Face à ce qu'il juge être un rapport de la CNDH « pas objectif », l'opposant Martin Fayulu (ECiDé) a réclamé ce samedi, lors du Space live organisé par Stanis Bujakera Tshiamala, l'ouverture d'une enquête internationale et indépendante sur les incidents du sit-in du 12 juin.

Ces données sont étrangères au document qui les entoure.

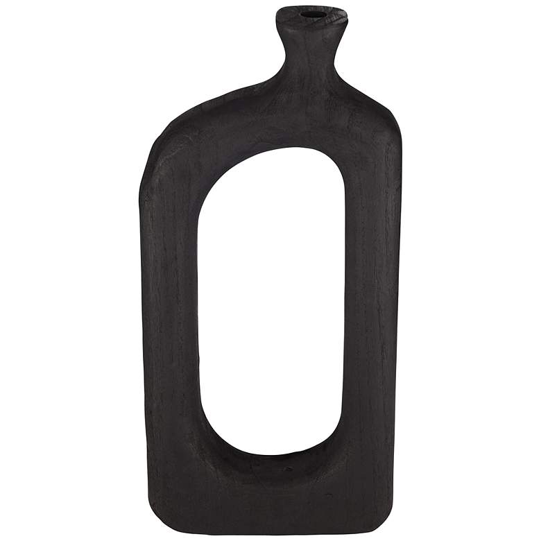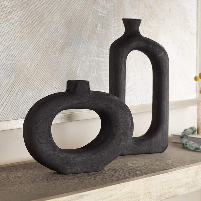 A hollow center creates bold style for this two-piece modern decorative vase set. From the Amaranth collection by Dahlia Studios, one vase features a square shape and the other a round shape, both crafted from wood with plenty of surface texture, including spots, pits, and cracks that bring a sense of authenticity. A black finish plays up the textural details to perfection, creating centerpiece-worthy designs for your home.

« Mais bien sûr, il faut une enquête internationale, une enquête indépendante », a-t-il déclaré, en réponse à une question du journaliste, qui évoquait l'éventualité d'une commission mixte associant la CNDH, la C64, la PNC et la société civile pour clarifier les cas encore contestés.
Martin Fayulu a justifié cette exigence par le sort de trois militants qu'il affirme avoir vu enlevés devant le siège de son parti, dont un seul corps aurait été retrouvé à ce jour. « La preuve est très simple : ils nous ont pris trois corps, trois personnes. Ce n'est pas à nous de citer les noms, ou à la CNDH de poser les questions. Allez poser la question à la police : où sont les deux corps ? », a-t-il lancé, refusant de fournir lui-même les identités réclamées par la CNDH.
Il a par ailleurs comparé cette affaire au dossier non résolu des « charniers de Maluku », qu'il a présenté comme un exemple d'enquête restée sans réponse malgré les années écoulées : « Depuis qu'on parle des charniers de Maluku, les gens qu'on a eus à l'époque... Nous avons toujours demandé que des enquêtes soient faites, avec tous les collègues, toutes les associations internationales des droits de l'homme. Cette page ne sera pas close. »
L'opposant a également rejeté la crédibilité de la CNDH elle-même : « La CNDH, nous n'avons rien à voir avec elle. Elle n'est pas crédible », préférant réclamer des poursuites judiciaires directes contre les éléments de la « Force du Progrès » et des policiers qu'il accuse d'être impliqués dans les violences subies par plusieurs leaders de l'opposition, dont lui-même, Delly Sessanga, Ados Ndombasi et Jean-Marc Kabund.